Volviendo en el coche, los dos solos, te sentí
feliz. Gracias por traerme, hija.
¿Y si hubiese sido un chico? ¿Y si no hubiese
tenido hermanos, o si hubiésemos sido todas chicas?
¿Me hubieses llevado entonces contigo?
No me enfadaba cuando os seguía subiendo el
puerto de Navacerrada y me mandabas para casa. Todo lo contrario, me encantaba
saber que mi padre y mis hermanos habían dado otra vez la vuelta a los puertos.
Os escuchaba contarlo y os admiraba. Tampoco sentía envidia. Tan solo me
enorgullecía aguantar tanto y llegar cada vez más arriba, a pesar de no tener
piñones en mi BH roja (al menos no era rosa).

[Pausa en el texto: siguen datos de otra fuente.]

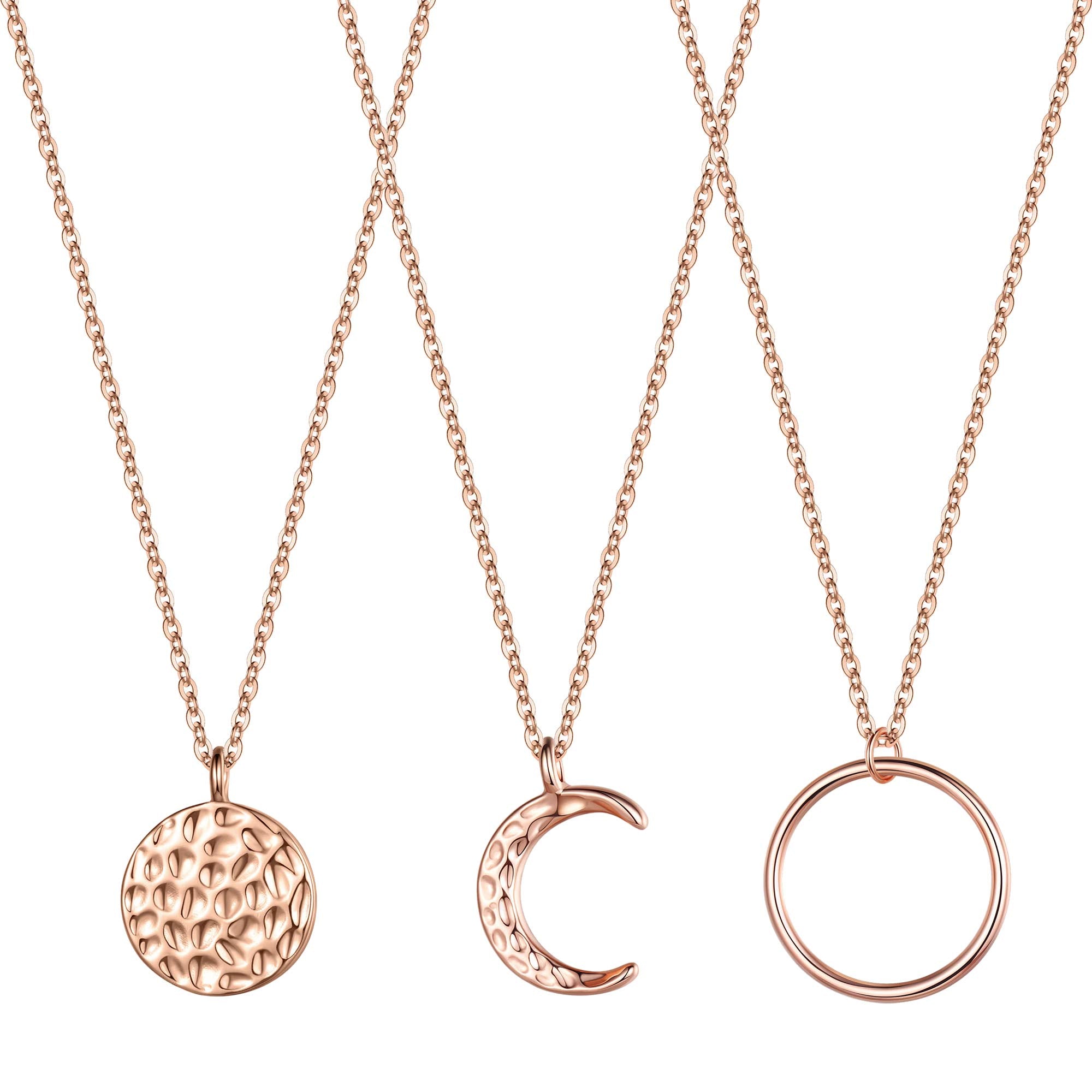 Cosmic-inspired rose gold layered necklace featuring new moon, full moon, and crescent designs.

Nada me extrañaba. Todo era normal.
A veces me lo decías, “tenías que haber sido
chico”, cuando me veías encaramarme a los árboles, subir a la cucaña o ponerme
bajo la falda los chutaires, como llamabas divertido a mis mallas del uniforme
de gimnasia. Entonces, cuando me mirabas con admiración, casi lo deseaba.
Pero era una niña. Lo sabía y me sentía cómoda,
aunque no lo estuviera con esos vestidos de lazos y nido de abeja, ni estuviese
bien visto que me gustara jugar al fútbol.

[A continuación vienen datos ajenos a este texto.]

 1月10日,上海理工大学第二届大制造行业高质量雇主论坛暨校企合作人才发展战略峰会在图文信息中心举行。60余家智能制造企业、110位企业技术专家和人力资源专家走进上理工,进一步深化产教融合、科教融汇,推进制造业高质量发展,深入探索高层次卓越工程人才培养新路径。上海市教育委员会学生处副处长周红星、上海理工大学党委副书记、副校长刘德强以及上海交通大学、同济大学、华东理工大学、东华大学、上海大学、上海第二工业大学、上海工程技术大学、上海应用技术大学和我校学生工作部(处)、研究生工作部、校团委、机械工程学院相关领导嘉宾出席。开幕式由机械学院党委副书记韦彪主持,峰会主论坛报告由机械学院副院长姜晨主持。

Lo hiciste lo mejor que supiste. Estabas
atrapado en tu propia educación. A veces tocabas con valentía las paredes de tu
prisión, pero te ahogabas en tus propios miedos.

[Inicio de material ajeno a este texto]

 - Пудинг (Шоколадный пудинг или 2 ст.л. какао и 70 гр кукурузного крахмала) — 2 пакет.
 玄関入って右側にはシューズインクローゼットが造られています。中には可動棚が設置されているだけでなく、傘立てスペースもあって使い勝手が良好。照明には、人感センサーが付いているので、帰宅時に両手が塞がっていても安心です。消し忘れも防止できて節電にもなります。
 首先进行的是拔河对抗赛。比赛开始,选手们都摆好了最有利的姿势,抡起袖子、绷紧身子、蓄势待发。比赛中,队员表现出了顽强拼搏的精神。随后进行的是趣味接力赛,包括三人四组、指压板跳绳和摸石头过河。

¡Claro que contabas conmigo para muchas cosas! Y
siempre te lo agradecí. Me hacías sentir importante revisando tus liquidaciones
o corrigiéndote las cartas del sindicato. Las cuentas y las letras se me dieron
bien desde canija.
Y cuando me salieron canas y no me dio la gana
de teñirme ni de cortarme el pelo, fuiste de las pocas personas que respetaron
mi decisión y me dijiste convencido “ni se te ocurra tocártelo, estás
guapísima”, contrastando con la tremenda presión social que descubrí con
auténtica sorpresa.
No sé por qué no te conté nunca lo desagradable
que fue, con apenas once años, tener que ir en el metro en hora punta evitando
a los sobones. Las niñas nos reíamos de eso y de los exhibicionistas porque no
se nos explicó que, además de asqueroso, era indignante. Tampoco se enteró
nadie de que el hermano mayor de una amiga me tocaba, ni me atreví a decir que
un adulto amigo de la familia intentó convencerme para llevarme a solas a su
casa. Escapaba de estas situaciones como podía y las vivía como anécdotas.
Crecí en la cultura rancia del “piropo”, del
“qué dirán” y del “ella se lo ha buscado”.
¡Era tanto lo que no entendía!
A pesar de ser la mayor, no tuve la oportunidad
de compartir contigo tu pasión, de disfrutar esa complicidad, de acariciar el
vínculo que tanto busqué.
Por el simple y fortuito pecado de ser chica.
¡Qué pena! Te quise tanto...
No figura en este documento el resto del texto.